March 23, 2021
Peter Fitzwell, NAMBLA
Deputy Director, CIA BlackmAil™ Operations
The following memo is FOR INTERNAL USE ONLY. After our successful microchip implantation campaign of 2017 for all employees, we will know if any of you fuckers even think about leaking this to the American public.
Thanks to our internal teams, our associates at the Mossad, OpenAI, Palantir, and independent contractors, I am pleased to announce the rolling out of our newest tool, BlackmAil™, which is set to revolutionize federal lawmaking and global politics. We are no longer living in the Stone Age, where we had to kidnap children from impoverished nations (Class 1 Kompromat, low-level targets) or American families (Class 2 Kompromat, high-level targets), ship them to our islands and penthouses, and display them buffet-style for our subjectss to molest on camera to protect the interests of our most vital private partners across the technology, defense, petroleum, pharmaceutical, and banking industries.
The Pizzagate folks almost caught on, but thanks to the efforts from our PR team, we were able to label them as nutjob conspiracy theorists through our media partners. The hiccup with Jeff was a bit of a setback, but fortunately our BlackmAil™ had been in development for years by that point with successful beta testing. Another shoutout to the PR team and our media partners, who allowed just enough leeway for people to think Jeff was murdered (Can you believe those retards even think he’s dead in the first place? I mean the body double doesn’t even look like him).
A paradigm shift for our operations, BlackmAil™ will be much cleaner, quicker, and easier than previously imagined. With a few clicks of a mouse, we can generate UHD video of anybody getting sucked off by a child or fondling the genitals of a supple teen. As an added benefit and insurance policy, this rollout comes with assurances from the DOJ that our generated videos will be considered admissible evidence in all criminal courts. Our math nerds (by the way, Henry from accounting is such a dweeb that even our AI abducted 8 year old rejected him during test runs) estimate a 90% cost savings, which will be redirected to our Foreign Government Intervention Ventures (ForGIVe™) program or other black budget operations at the discretion of Emperor Reptilius XIV.
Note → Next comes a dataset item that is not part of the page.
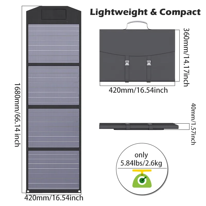 【Facile à plier et à porter, commodité ultime】Notre panneau solaire est doté d’un design pliable rapide, se pliant en une mallette compacte pour une portabilité maximale. Une fois dépliées, les quatre béquilles peuvent être facilement placées sur n’importe quelle surface plane, offrant une stabilité exceptionnelle pour une charge sans souci sous le soleil. Avec quatre trous métalliques offrant des options de montage supplémentaires, vous pouvez facilement l’accrocher à votre camping-car ou à votre tente.

This update is not without controversy, however. We have faced strong opposition from the leadership of the child sex trafficking transportation union, more commonly called the Teensters. Along with other middle men, they have expressed deep concern that this will drastically reduce their revenue. As if we even care about union workers and American jobs, am I right? Yeah, I’m sure some of the kids will miss the fun trips too, but we’re trying to run a globalist world order here, not give handouts to non-billionaires. Grow up and learn to code, faggots.
In addition to cost-savings, this advancement will also help tie up loose ends latched onto by internet investigators outside of our controlled opposition network. Over the last few years, online rumors have been gaining traction that we are some sort of Satanic pedophile cult. Don’t get me wrong; we absolutely are a Satanic pedophile cult, but it’s pretty fucking annoying when people make throwing around these accusations. We are just trying to shed that negative image. But don’t worry; this will not affect normal office operations. Pre-quinceañera Honduran snizz and fresh pubescent Ethiopian bussy will still be available in the break room on the third underground floor Monday through Friday. Please place 1,000kg of carbon offset tokens in the deposit box using the honor system.
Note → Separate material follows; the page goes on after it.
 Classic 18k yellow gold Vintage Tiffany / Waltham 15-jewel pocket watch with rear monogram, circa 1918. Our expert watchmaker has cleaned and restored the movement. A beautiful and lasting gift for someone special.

For our field agents, here is a typical scenario involving a senator:
Agent: We noticed you pushed back on that arms sale to Israel. We’ll need that to pass through the Senate, and we have video of you buttfucking a 12 year old boy at the Aspen lodge. It’d be a real shame if there was a mass shooting in your state, or your wife gets gangraped while visiting an uncontacted Amazonian tribe, or someone gets hold of that video.
Senator: What? I’ve never been to Colorado, and I don’t even like skiing. You have no such video.
Agent: Here’s the thing; yes we do, and you’re going to vote accordingly.
See how easy that was? And we can get that done in a matter of seconds, not weeks. And we even saved a few kids in the process for what that’s worth. Because at heart, we’re good people, and everything we do is for the greater good. So go on out there, close some deals, and let’s make the world a better and safer place. At least, of course, until the underground nuclear bunker city (projected 2028) and Europa colony and transport (proj. 2078) are completed.